Vincent Schiraldi: Yes, it's a scandal. We created a program called Close to Home when Mayor Bloomberg was mayor and Governor Cuomo was brand new. That took all of the kids back out of these brutal state Office of Children and Family Services facilities and put them into programs, some residential, some community, in New York City. When we did that, they gave us half of the money that it cost the state. It was costing the state $250,000 per kid per year, crazy money to lock them up in these awful upstate facilities. That half of that money shifted to the city, so we were able to stand up a whole continuum of programs for those kids.
When that sunset five years later, even though we kept all of the kids, Governor Cuomo didn't re-up the money. That happened the same year as Raise the Age, when $250 million a year was allocated to absorb the impact of Raise the Age for every county in the State of New York other than New York City. I've never seen a political analysis of why, other than Governor Cuomo didn't like Mayor de Blasio, and he wasn't going to give him any money. Now, that money gets allocated every year. It's very challenging, even for the upstate communities. Only a third of it has been spent.
It's a billion dollars sitting in a pot. New York City has no access to it. Again, before we change the law, how about we spend the money to help the young people not get involved in violence in the first place? I've been beaten up. I've been mugged in Central Park and in a park in my neighborhood, my apartment's been robbed. I grew up in New York City. Stuff happened, and I would much rather not been victimized than been victimized and had the kid tried as an adult.

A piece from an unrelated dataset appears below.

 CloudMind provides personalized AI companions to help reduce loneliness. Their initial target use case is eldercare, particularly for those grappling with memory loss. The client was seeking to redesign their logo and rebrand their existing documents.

Tiffany Hanssen: We have been talking with Vincent Schiraldi, now a visiting fellow at the Pinkerton Foundation, about the Raise the Age law. Vincent, last 30 seconds before you go. What do you think is going to happen in this session? We've said it's up for discussion. Do you think anything will actually come of it?

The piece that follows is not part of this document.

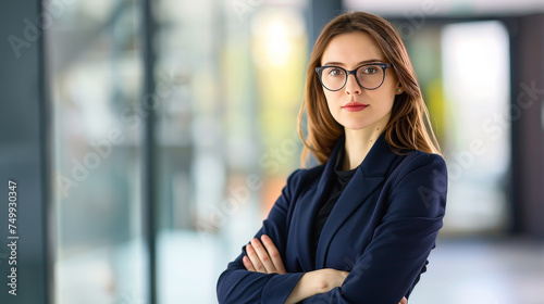 Portrait of a businesswoman with confident and friendly facial expression and her arms crossed in front of blurred office background. Generative AI

Vincent Schiraldi: Yes. I think the main thing we need to try to do, our new mayor needs to try and do, is get this out of a backdoor deal. Albany often tries to pass important pieces of legislation like this during the budget process. That's absolutely wrong. Even if you disagree with everything I said, this should be debated in the legislative session in front of the proper committees. Prosecutors should come, advocates should come, and legislature should fit it out. They shouldn't stick it into some obscure section. That's why people are cynical about politicians.
I think, in my view of-- one final thought I would give you is every one of these kids has a parent, and I know their parents, and I've met these kids. I want you to think about if my kid had done what these young people are being accused of, even if it was a tough thing, what would I want? What would the system look like I would want to respond to my kid to both hold them accountable and help them turn their lives around? That's the kind of system we should devise for the children of other people. The one we want for our own children.
Tiffany Hanssen: Vincent, I think that's a great place to leave it. Vincent Schiraldi. Vinnie, thanks so much for your time. We appreciate it.
Vincent Schiraldi: Thanks a lot. I much appreciate being on.